In summary, this initial step equips us with the necessary tools to interact with Reddit's API, fetch data, and effectively process it for analysis. We're now prepared to use these libraries in subsequent steps to retrieve and analyze data from Reddit.


In [9]:
import pandas as pd
import praw
import time
import praw.exceptions

### Step 2: Authenticating with the Reddit API

To access Reddit's data programmatically, we need to authenticate our Python application using the `praw` library. Here's what each part of the code does:

- `import praw`: We import the `praw` library, which is a Python wrapper for the Reddit API. This library simplifies the process of interacting with Reddit's data.

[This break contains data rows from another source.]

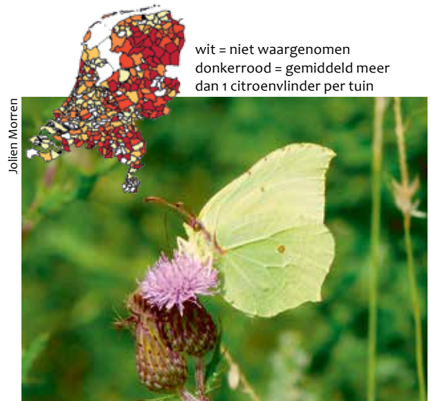
In het oosten van het land werden veel citroenvlinders gezien.

De atalanta is de meest waargenomen vlinder van de Tuinvlindertelling 2017, elk jaar hetzelfde liedje lijkt het wel. Toch valt dat nog wel mee. Afgelopen drie jaar was het telkens de atalanta, maar van de eerste zes edities van de Tuinvlindertelling won de kleine vos er vier. Daarmee staat de kleine vos nog steeds in de boeken als recordhouder. En wie weet, misschien heeft de distelvlinder in 2018 wel weer een goed jaar en eindigt hij op de eerste plek, net als in de eerste Tuinvlindertelling in 2009.
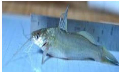
Gambar 4.4b Literatur Ikan Sanggiringan

Berdasarkan hasil pengamatan, ikan Macroness nigriceps dikenal dengan nama daerah ikan sanggiringan. Ikan yang memiliki panjang keseluruhan \pm 17 cm, panjang baku 14 cm dan tinggi 2,1 cm. Memiliki bentuk tubuh agak bulat pada bagian perutnya, bagian punggungnya berwarna hijau keabu-abuan dan warna putih pada bagian perutnya. Bentuk tubuh ikan ini memiliki banyak kemiripan dengan ikan lundu, baik dari bentuk tubuh, warna tubuh maupun sungut dan pantil. Hal ini dikarenakan ikan ini tergolong satu keluarga dengan ikan lundu.
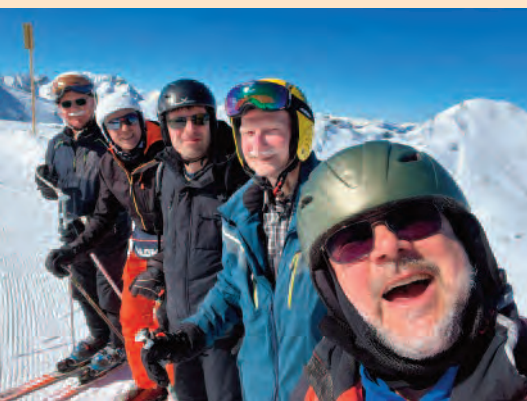
Die fünf TSV-Skifahrer im Selfie.

- `reddit = praw.Reddit(...)`: We create a Reddit API client object named `reddit`. This object is used for making authenticated requests to the Reddit API. The constructor takes the following parameters:

   - `client_id`: This should be replaced with the unique identifier of your Reddit Developer Application, which you obtained when you created the application on the Reddit Developer Portal. It's used to identify your application when making API requests.

   - `client_secret`: This key should be replaced with the secret key provided during the creation of your Reddit Developer Application. It's a secret key that, when combined with the client ID, allows your application to securely authenticate with the Reddit API.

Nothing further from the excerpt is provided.